Isles Anthony R, Humby Trevor, Wilkinson Lawrence S
Laboratory of Cognitive and Behavioural Neuroscience, Neurobiology Programme, The Babraham Institute, Babraham, Cambridge CB2 4AT, UK.
Psychopharmacology (Berl). 2003 Dec;170(4):376-82. doi: 10.1007/s00213-003-1551-6. Epub 2003 Aug 30.
The increasing use of genetically modified mice to probe genetic contributions to normal and abnormal behaviours requires the development of sensitive and selective behavioural tasks.
To develop a discrete trial assay of impulsivity (delayed reinforcement) that is tractable in mice utilising a mouse operant nine-hole box apparatus and to specify the task with respect to behavioural and pharmacological manipulations.

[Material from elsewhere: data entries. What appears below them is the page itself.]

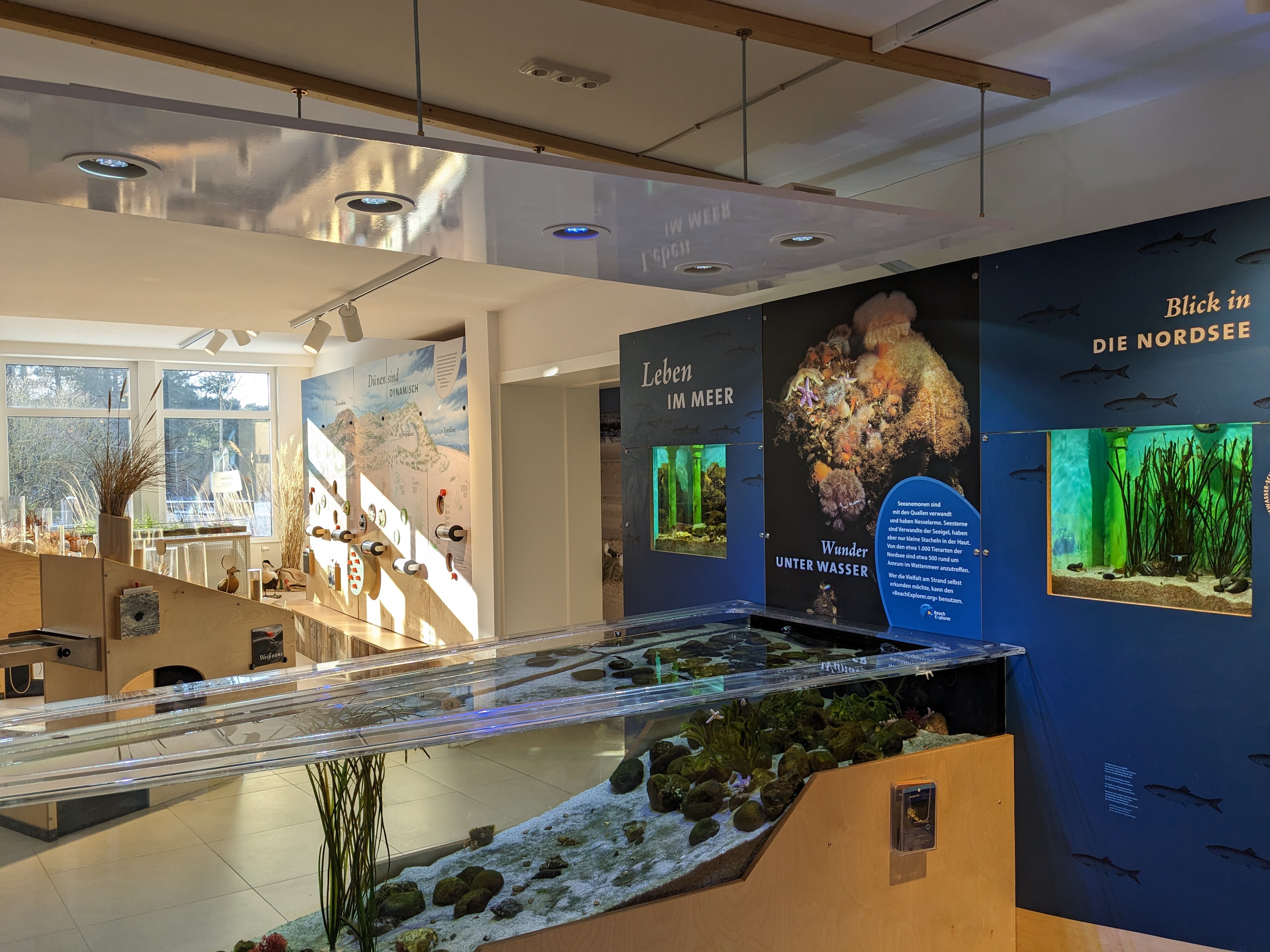 Ergänzt wird das Bildungsangebot durch eine moderne Nationalpark-Ausstellung mit Meerwasseraquarien und einem Boßelparcours im Garten der "NaTour-Düne" in Wittdün.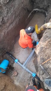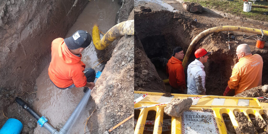 Luego del arreglo, los agentes llevaron a cabo el empalme de cañerías y el servicio ya se encuentra funcionando con normalidad.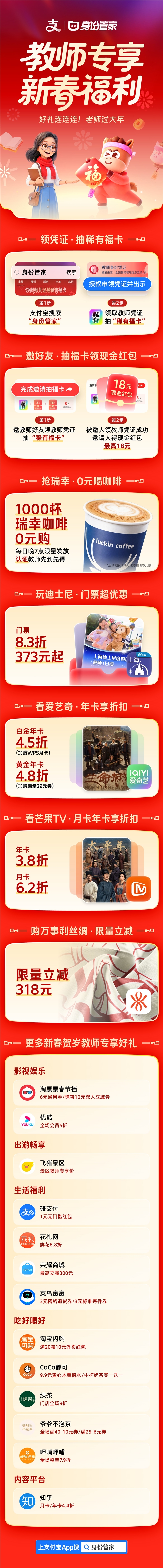 2026年农历新春前夕,支付宝“身份管家”平台联合众多商业品牌,在集福活动中践行“尊师惠师”公益理念,通过数字化方式为全国教师提供专属的新春福利,探索社会力量参与尊师重教的新路径。
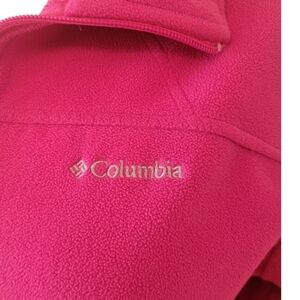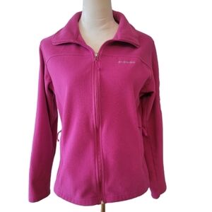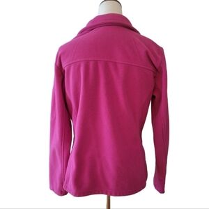 In bright fuschia with zipper pockets. 100% polyester, 21" pit to pit, 25" total length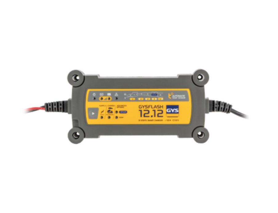 GYSFLASH 12.12 специально разработан для зарядки аккумуляторов 12 В всех типов автомобилей, микроавтобусов, кемперов, грузовиков и сельскохозяйственной техники.

Mice were trained to respond with a nose-poke to one of two visual stimuli; one response resulted in a small quantity of reinforcer, the other in a larger quantity of reinforcer. As the session proceeded increasing delay was introduced onto the response leading to the large reward. Hence, the nature of the choice was a small quantity of reinforcer immediately versus a larger but progressively delayed amount of reinforcer. At stable baseline performance the mice were challenged with a variety of task manipulations and systemic d-amphetamine in order to discern aspects of the underlying psychological and neurochemical substrates of the choice behaviour.
The mice showed a systematic shift in responding away from the large reinforcer with increasing delay (0, 2, 4, 8, 12 s), such that at the longest delay >80% of nose-pokes were for the smaller, immediate reinforcer. Task manipulations indicated that behaviour was controlled in a trial discrete manner by the contingency between delay and reward and was not due to non-specific factors such as satiation. d-Amphetamine had complex, dose dependent effects on choice behaviour which revealed dissociations between impulsive choice and hyperactivity.
We have successfully developed an assay of impulsivity in mice that will be of utility to examine impulsive behaviours and their genetic substrates. In addition, our data provided evidence of distinct dopaminergic mechanisms mediating aspects of impulsivity and hyperactivity.
为探究基因对正常和异常行为的影响,转基因小鼠的使用日益增多,这就需要开发灵敏且具选择性的行为任务。
利用小鼠操作性九孔箱装置,开发一种适用于小鼠的冲动性(延迟强化)离散试验测定法,并从行为和药理学操作方面明确该任务。
训练小鼠对两种视觉刺激之一进行鼻触反应;一种反应会得到少量强化物,另一种会得到大量强化物。随着实验进程推进,对导致获得大量奖励的反应引入越来越长的延迟。因此,选择的本质是立即获得少量强化物与延迟获得大量但逐渐增加的强化物之间的权衡。在稳定的基线表现时,用各种任务操作和系统性右旋苯丙胺对小鼠进行挑战,以辨别选择行为潜在心理和神经化学基础的各个方面。
随着延迟增加(0、2、4、8、12秒),小鼠的反应出现系统性转变,远离大量强化物,以至于在最长延迟时,超过80%的鼻触是为了获得较小的即时强化物。任务操作表明,行为以离散试验的方式由延迟与奖励之间的偶然性控制,而非诸如饱足等非特异性因素所致。右旋苯丙胺对选择行为有复杂的剂量依赖性影响,揭示了冲动性选择与多动之间的分离。
我们成功开发了一种小鼠冲动性测定法,这将有助于研究冲动行为及其基因基础。此外,我们的数据提供了证据,表明存在不同的多巴胺能机制介导冲动性和多动的各个方面。